Would you return the data exactly as given, except for its pictures?

* [Dataset entries]
▬▬▬▬▬▬▬▬▬▬
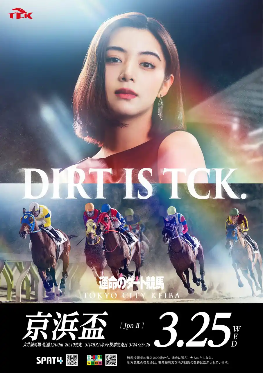 東京シティ競馬(TCK)は、大井競馬第19回開催(3/23~3/27)をトゥインクルレースとして開催します。1986年7月に日本初のナイター競馬として大井競馬場でスタートしたトゥインクルレースは、これまで多くのお客様にご来場いただき、本年、40周年を迎えます。今開催では3歳ダート三冠競走の初戦「羽田盃」への重要なステップレースとなる「京浜盃(JpnII)」を実施。TCK公式YouTubeライブ番組「ウマきゅん」では2025年度を締めくくるスペシャルなゲストをお迎えします。 |
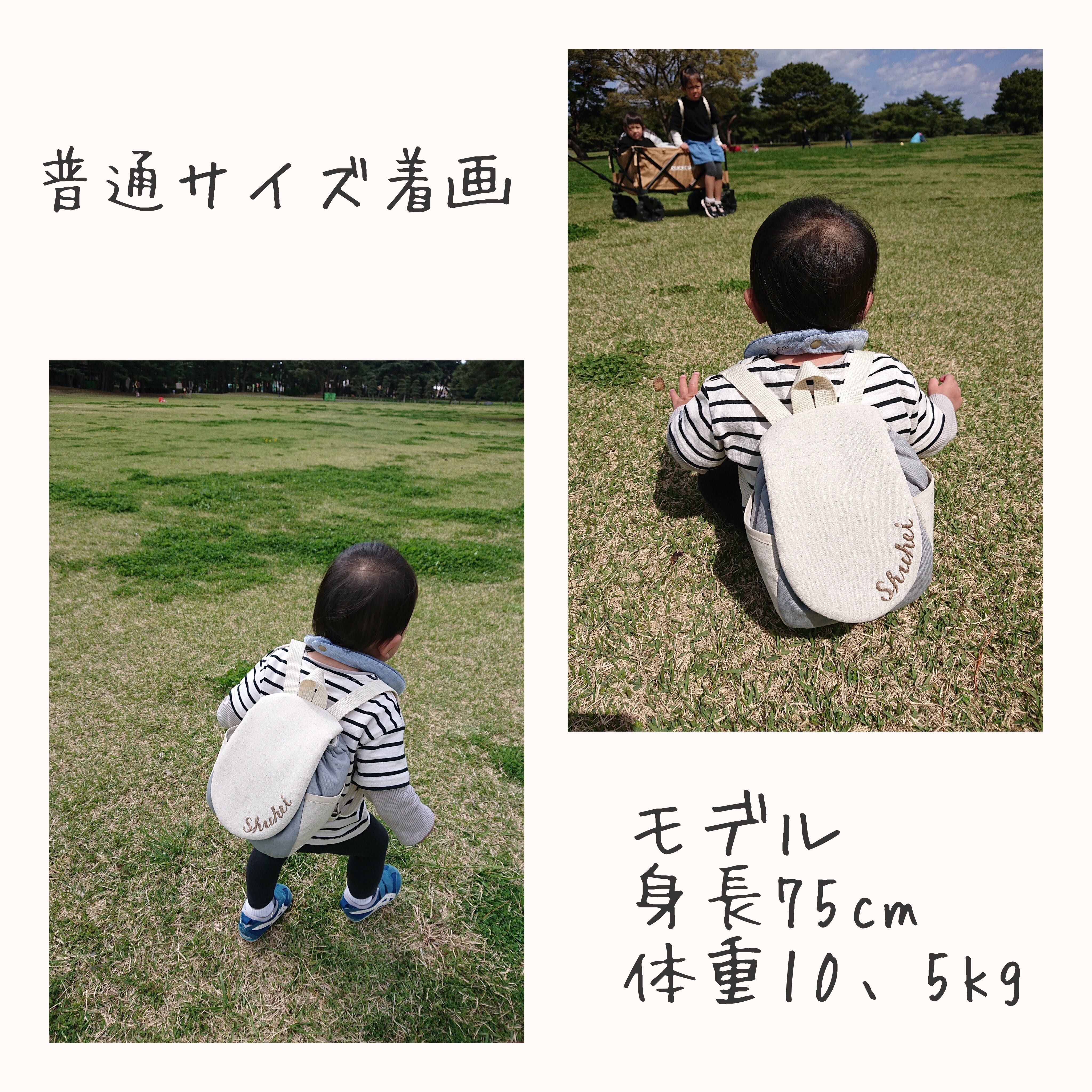 普通サイズは身体の大きさ、用途によっても変わってきますが、だいたい1歳~2歳ぐらいまでのサイズとなっております。
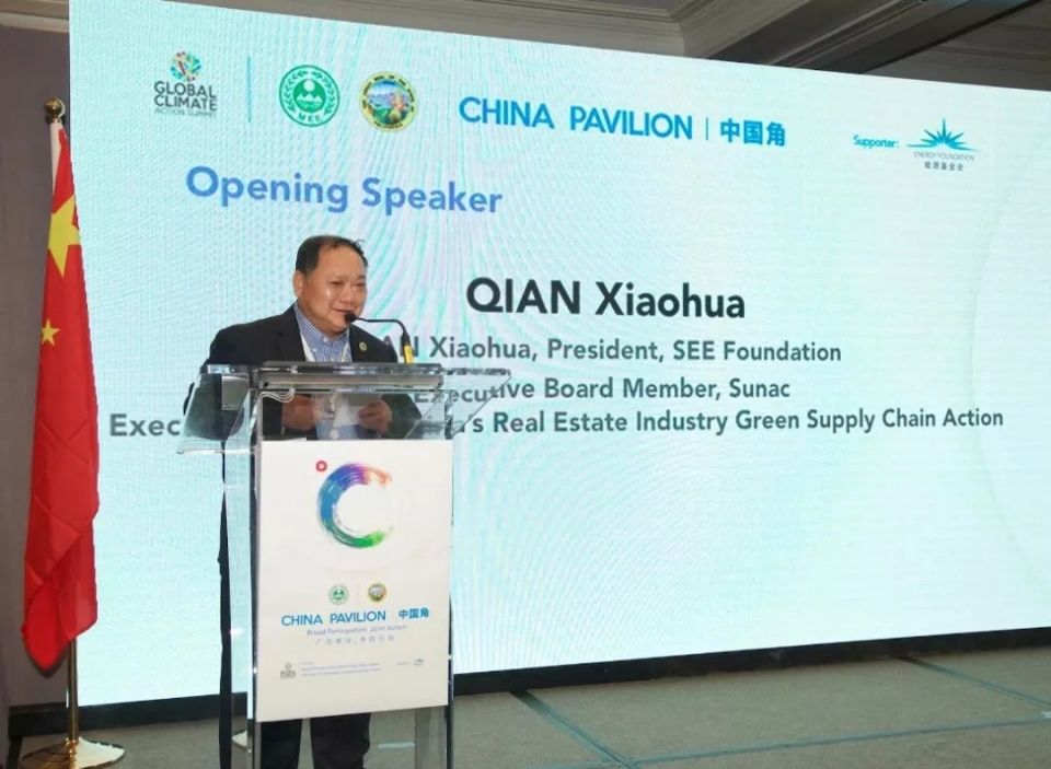 阿拉善SEE第六任会长、融创中国董事、“中国房地产行业绿色供应链行动”执行主任委员钱晓华在致辞中介绍了阿拉善SEE联合多家行业联盟和领头企业共同发起的“中国房地产行业绿色供应链行动”。该行动现在已有97家房地产企业加入,涉及供应商2千多家,作出了企业碳减排的重要贡献。他表示,“我们希望更多的企业一起携手,为全球的减排作出应有的贡献,履行我们中国企业的责任。”
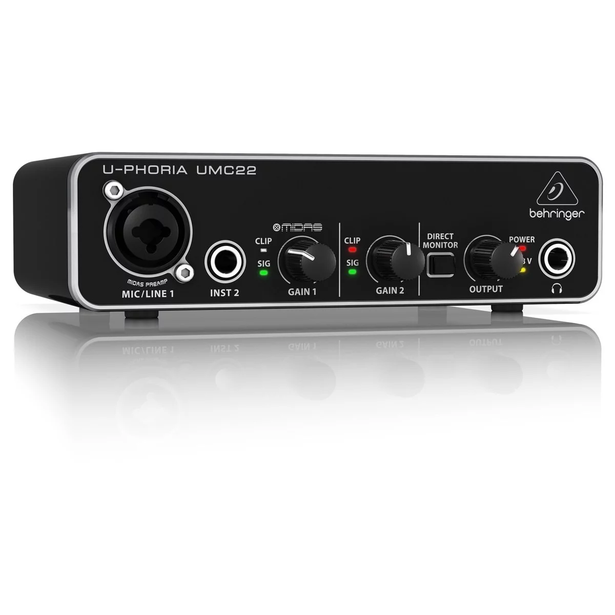 В U-PHORIA UMC22 установлен USB-интерфейс, обеспечивающий передачу сигнала по двум входным или выходным каналам. Кроме того, USB-подключение обеспечивает питание устройства. U-PHORIA UMC22 совместим с компьютерами с операционными системами Windows и Mac OS, причём для работы ему необходимы устанавливаемые в комплекте со многими аудиоредакторами драйвера ASIO, либо же интегрированные в Mac OS драйвера Core Audio.
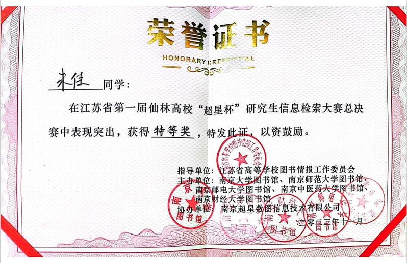 11月10日,由江苏省高校图书情报工作委员会指导,南京大学、南京师范大学、南京邮电大学、南京中医药大学、南京财经大学五所高校图书馆共同主办,南京大学图书馆承办的江苏省第二届仙林高校“超星杯”研究生信息检索大赛总决赛举行。我院2022级研究生钮茜琦、朱佳代表学校参赛斩获特等奖。
▬▬▬▬▬▬▬▬▬▬
* [TASK RESULT]
 東京シティ競馬(TCK)は、大井競馬第19回開催(3/23~3/27)をトゥインクルレースとして開催します。1986年7月に日本初のナイター競馬として大井競馬場でスタートしたトゥインクルレースは、これまで多くのお客様にご来場いただき、本年、40周年を迎えます。今開催では3歳ダート三冠競走の初戦「羽田盃」への重要なステップレースとなる「京浜盃(JpnII)」を実施。TCK公式YouTubeライブ番組「ウマきゅん」では2025年度を締めくくるスペシャルなゲストをお迎えします。 |
 普通サイズは身体の大きさ、用途によっても変わってきますが、だいたい1歳~2歳ぐらいまでのサイズとなっております。
 阿拉善SEE第六任会长、融创中国董事、“中国房地产行业绿色供应链行动”执行主任委员钱晓华在致辞中介绍了阿拉善SEE联合多家行业联盟和领头企业共同发起的“中国房地产行业绿色供应链行动”。该行动现在已有97家房地产企业加入,涉及供应商2千多家,作出了企业碳减排的重要贡献。他表示,“我们希望更多的企业一起携手,为全球的减排作出应有的贡献,履行我们中国企业的责任。”
 В U-PHORIA UMC22 установлен USB-интерфейс, обеспечивающий передачу сигнала по двум входным или выходным каналам. Кроме того, USB-подключение обеспечивает питание устройства. U-PHORIA UMC22 совместим с компьютерами с операционными системами Windows и Mac OS, причём для работы ему необходимы устанавливаемые в комплекте со многими аудиоредакторами драйвера ASIO, либо же интегрированные в Mac OS драйвера Core Audio.
 11月10日,由江苏省高校图书情报工作委员会指导,南京大学、南京师范大学、南京邮电大学、南京中医药大学、南京财经大学五所高校图书馆共同主办,南京大学图书馆承办的江苏省第二届仙林高校“超星杯”研究生信息检索大赛总决赛举行。我院2022级研究生钮茜琦、朱佳代表学校参赛斩获特等奖。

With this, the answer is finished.